Work request
Look below for the line that contains "را نشان میدهد.", then quote it and all the lines after it, exactly, with the pictures left out.

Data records
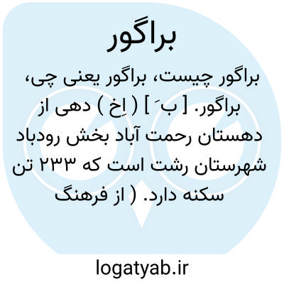 براگور. [ ب َ ] ( اِخ ) دهی از دهستان رحمت آباد بخش رودباد شهرستان رشت است که 233 تن سکنه دارد. ( از فرهنگ جغرافیایی ایران ج 2 ).
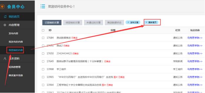 3、上述兩種情況都操作后,需要再做如下后面操作,點擊【我簽核的內容】---點擊【更新首頁】
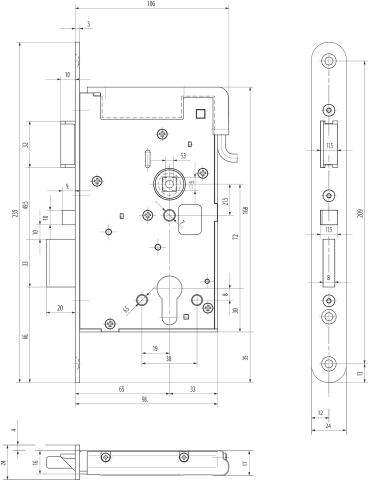 effeff Panik-Einsteckschloss 809M12A; Produkttyp: Panik-Einsteckschloss; Produkttyp (Hersteller): Elektro-Sicherheitsschloss; Ausführung: elektromechanisch; Verriegelung: selbstverriegelnd (automatisc
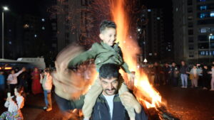 Girseyê bi berzkirina dirûmeyên ” Newroz pîroz be” û “Bijî Serok Apo” agirê Newrozê pêxistin. Pîrozbahiya Newrozê heta derengiya şevê bi gerandina govendê berdewam kir.
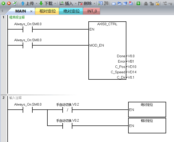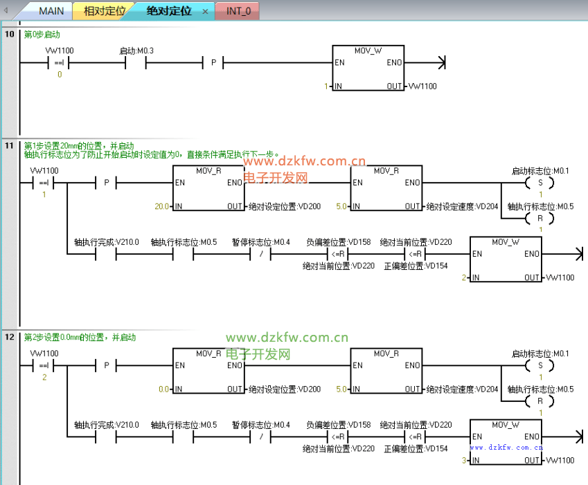 絕對定位的位置是唯一的,暫停后繼續執行GOTO指令即可,不需要和相對定位那樣記錄位置,并且絕對定位誤差較小,更適合應用于往復運動的定位控制,不容易產生太大的誤差,具體程序如圖8—圖12所示,程序有注釋講解,這里不做過多的介紹,有問題可以在評論留言。
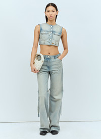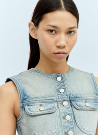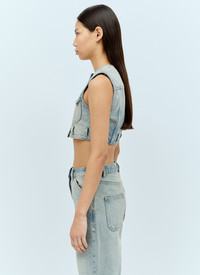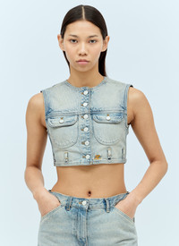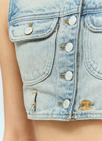 Button-fastening crop vest in denim. - Crewneck - Front button fastening - Flap pockets at chest - Front logo embroidery - Belt loops at hem - 100% Cotton. Machine wash cold - Color: Blue - Code: 124DBL153DE0016 7011
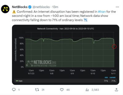 🔹بر اساس دیتای نت بلاکس ساعت ۱ بامداد مجددا همانند شب گذشته، اینترنت ایران دچار اختلال شد. 🔹داده ارائه شده کاهش ثبات اینترنت تا ۷۱٪ را نشان میدهد.
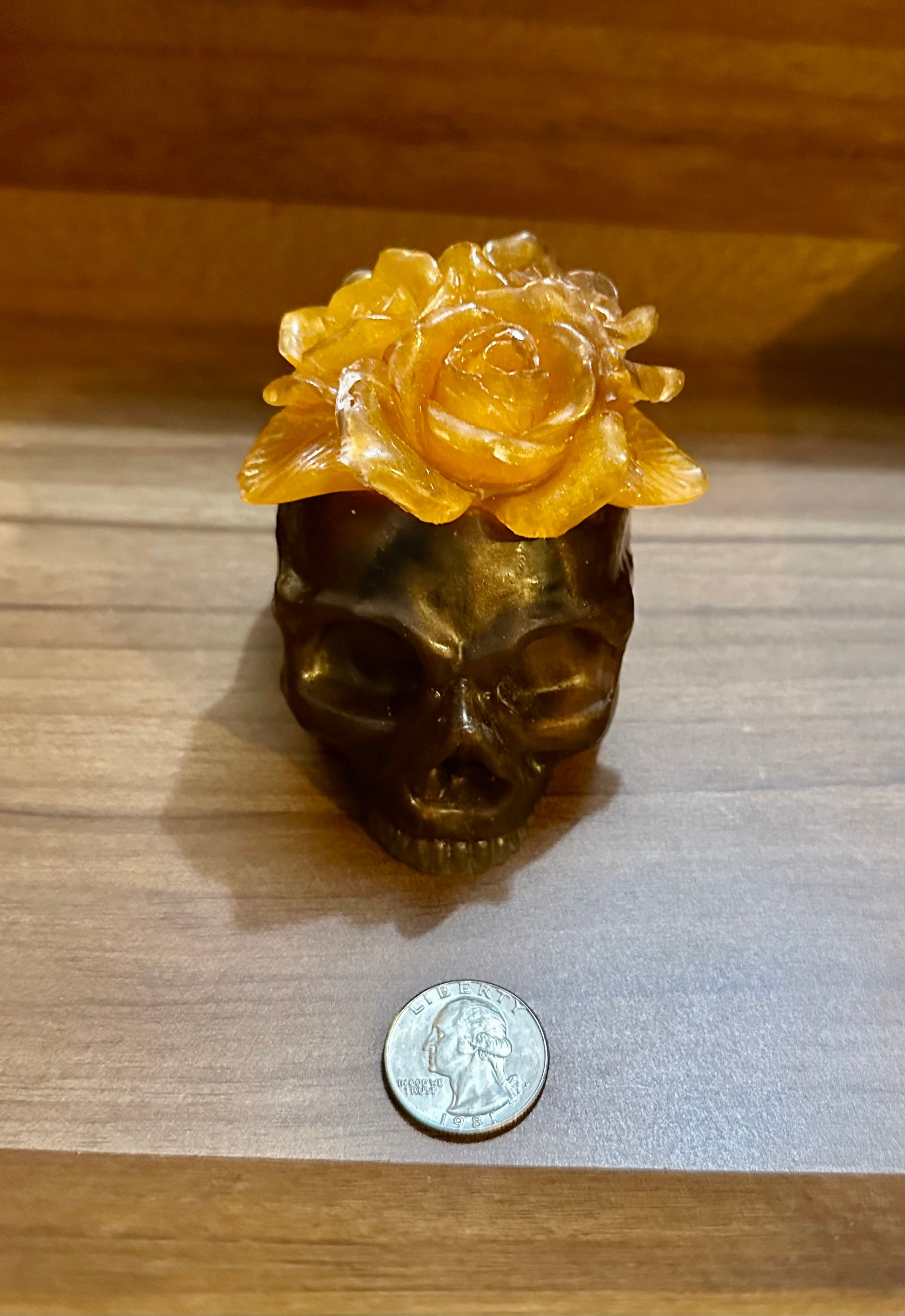 Hand Poured Resin Floral Skull- Bronze and Yellow

Expected answer
 🔹بر اساس دیتای نت بلاکس ساعت ۱ بامداد مجددا همانند شب گذشته، اینترنت ایران دچار اختلال شد. 🔹داده ارائه شده کاهش ثبات اینترنت تا ۷۱٪ را نشان میدهد.
 Hand Poured Resin Floral Skull- Bronze and Yellow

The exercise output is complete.